Around the beginning of the 20th century Colorado’s immigrant population had exploded, multiplying 20 times between 1870 and 1910. These immigrants were white and displaced the native population almost completely. The miners were largely American born descendants of British origin plus newly landed folk from all over the world who had to live and work in harsh and dangerous conditions. Early deaths or disablements from accidents and illnesses made for a very short life expectancy, with mines caving in, gas poisoning and the use of primitive explosives often going wrong. If they survived the day’s work they had to go home to squalid conditions, almost as dangerous in terms of sanitation and cleanliness as the mines that had just walked home from.
In 1910, at a town called Starkville in the very south of Colorado, an explosion killed 56 men. A Mining Department inspector was sent to investigate. He was startled to see, not just how the miners and their families had died, but how they had managed to live so long. He wrote:
“The residences or houses and living quarters of the miners smack of the direst poverty. Practically all of the residences are huddled in the shadow of the coal washers and the smoke of the coke ovens making the surroundings smutty with coal dust and coke smoke. Not all of the houses are equipped with water, and practically none have sewerage; they depend for their water upon hydrants on the streets. The people reflect their surroundings; slatternly dressed women and unkempt children throng the dirty streets and alleys of the camp. One is forced to the conclusion that these people must be very poorly paid, else they would not be content to live in this fashion.”
There we have it, in that last line, the kernel of the class struggle. The people get paid garbage wages by greed-fuelled mine owners and are forced not only to work in extreme danger and hardship, but to live in abject misery and give their wages back to the mine-owners in terms of rent and owners shop profits for the privilege.
Nobody CHOOSES to live in poverty and filth, they are forced into that situation. They are characterised as “slatternly dressed women and unkempt children” even by a person who seems to be sympathetic to their cause, he is after all, there to investigate 56 bodies of the hard-working fathers and sons of those women and kids.
Once such community was at a place called Ludlow, in Colorado where 11,000 Miners worked for the Colorado Fuel and Iron Corporation owned by the Rockefeller family, one of the biggest mining corporations in Colorado.
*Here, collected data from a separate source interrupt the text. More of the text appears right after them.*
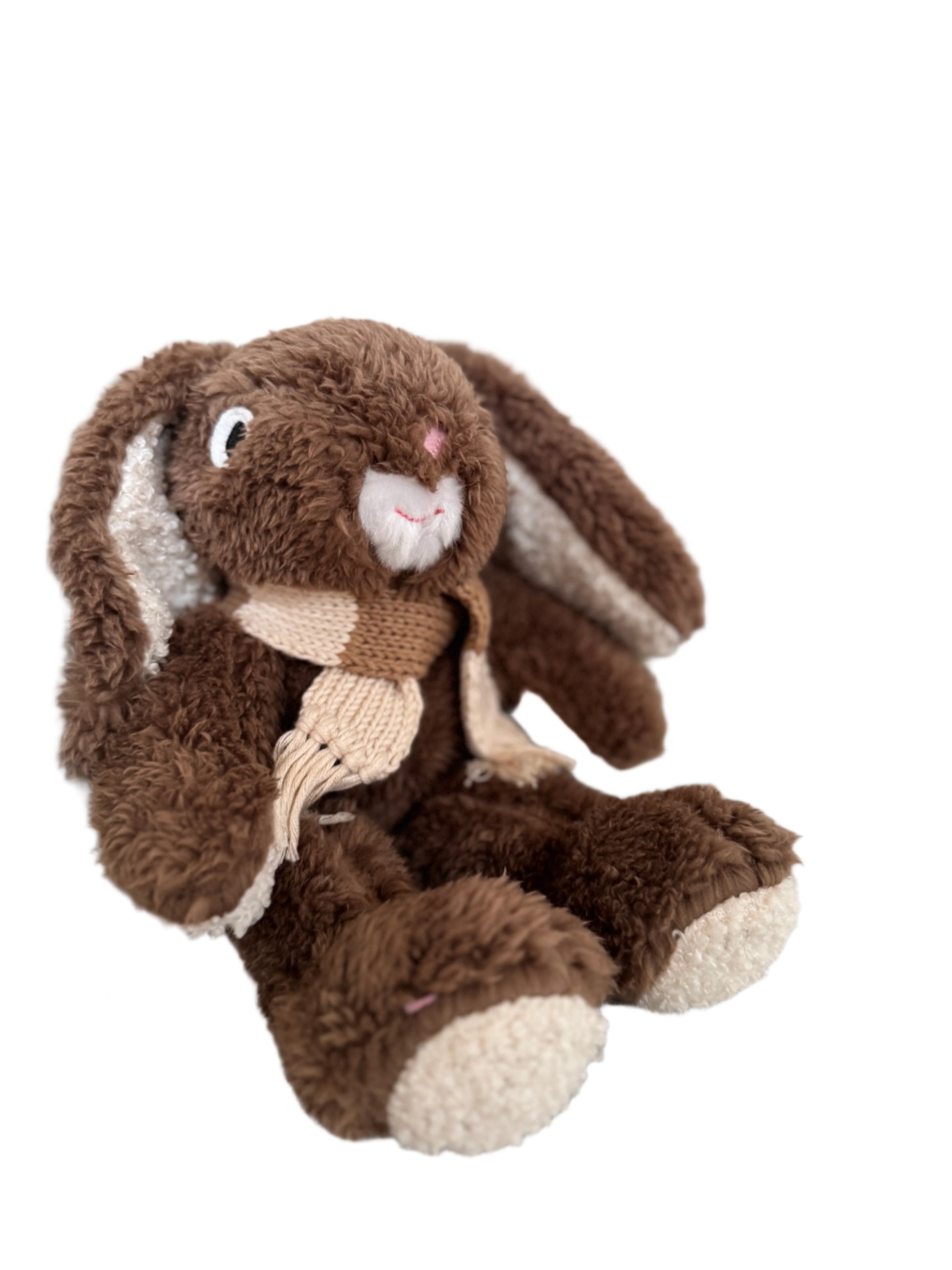Frankie Bunny is made with super soft chocolate brown plush fabric and wears a hand-knit, striped scarf made from Australian merino wool.
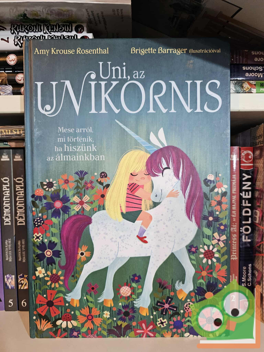Uni, az unikornis szinte minden tekintetben olyan, mint társai. Egy dologban azonban eltér tőlük: Uni hisz abban, hogy kislányok márpedig léteznek! Rosenthal könyve egy megfordított unikornis-történet. Egy mese arról, hogy teljesülhetnek álmaink, és igenis van helye, szerepe, értelme életünkben a gyerekkori képzeletvilágnak. Visszafogott, gyönyörű színekkel illusztrált mű, amely minden tekintetben eltér a többi unikornisos könyvtől. Barrager képeinek köszönhetően még azok is hinni szeretnének az egyszarvúakban, akik eddig egy picit kételkedtek.
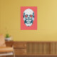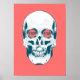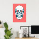 This is a surreal and thought-provoking image featuring a human skull in a dramatic asphalt-grey tone, with two bright yellow stop signs covering its eye sockets. The stop signs are being held up by the outstretched arms of two small figures emerging from within the skull, adding a sense of eerie symbolism. The coral-coloured background creates a striking contrast, enhancing the boldness of the skull and the vibrancy of the stop signs. The artwork evokes themes of boundaries, warnings, or halting thought processes, all while presenting a visually compelling balance of warmth and starkness.
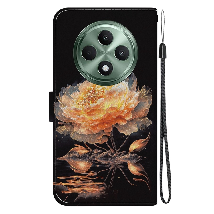 Funda de Cuero con Dibujo de Colores y Textura de Cristal para Oppo Reno12 F 5G (Peonía Dorada)
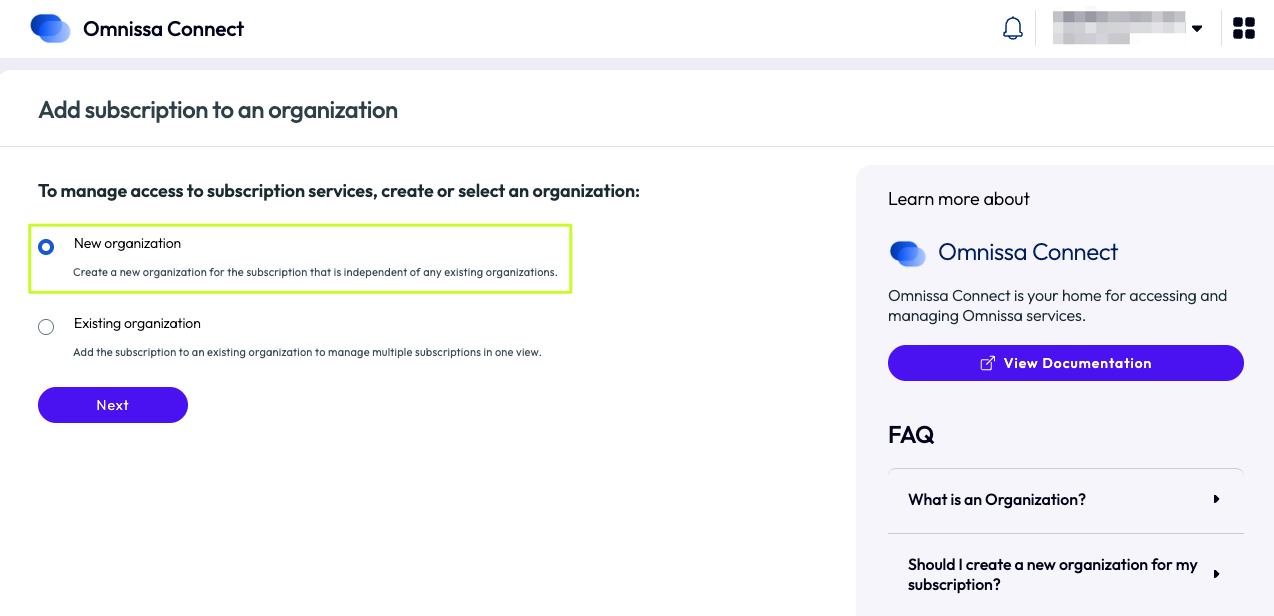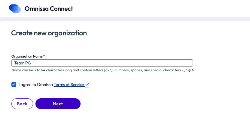 In the following steps, you are setting up a new Omnisssa Connect organization that contains the PG's services. Carefully, follow each step.
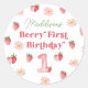 Adorable Daisy Pastel Berry First Birthday Girl Classic Round Sticker
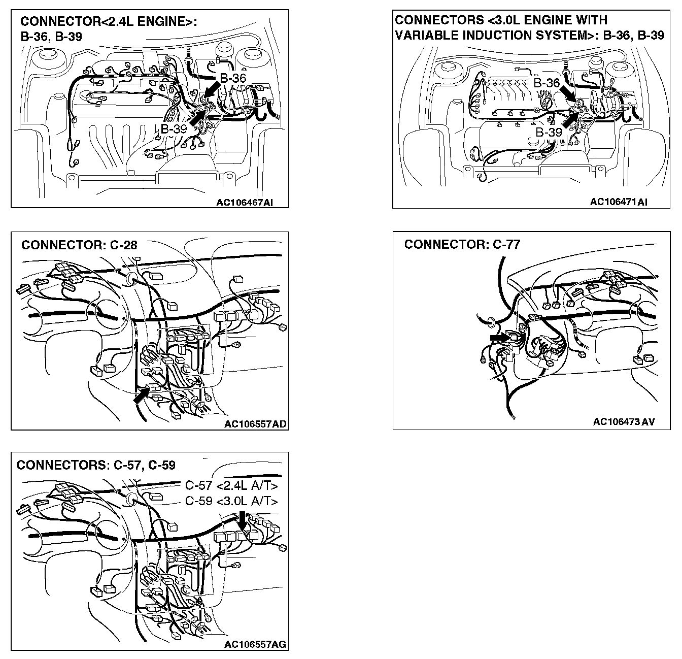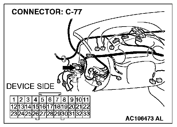NOTE: After checking intermediate connector B-36 and C-28, joint connector C-77, check the wires. If intermediate connector B-36 and C-28, joint connector C-77 are damaged, repair or replace the wiring harness. Refer to Harness Connector Inspection.

The Miners had many grievances against low pay, dangerous conditions, and the feudal domination of every aspect of their lives in the shantytowns they lived in. These townships were completely controlled, and often owned, by the mining companies they worked for. { The C.F.I. accommodations were rented out on the basis of 20 persons per room}.
Every aspect of the miners lives was controlled 24/7 by the agents of the company who called themselves the Baldwin-Felts Detective Agency but were in fact just a bunch of armed thugs hired by the Rockefellers to keep the lid on the mining community.
Unions had arrived in the mining areas soon after the men themselves but the Detectives harried them, beat them up and sometimes even “Disappeared “ them.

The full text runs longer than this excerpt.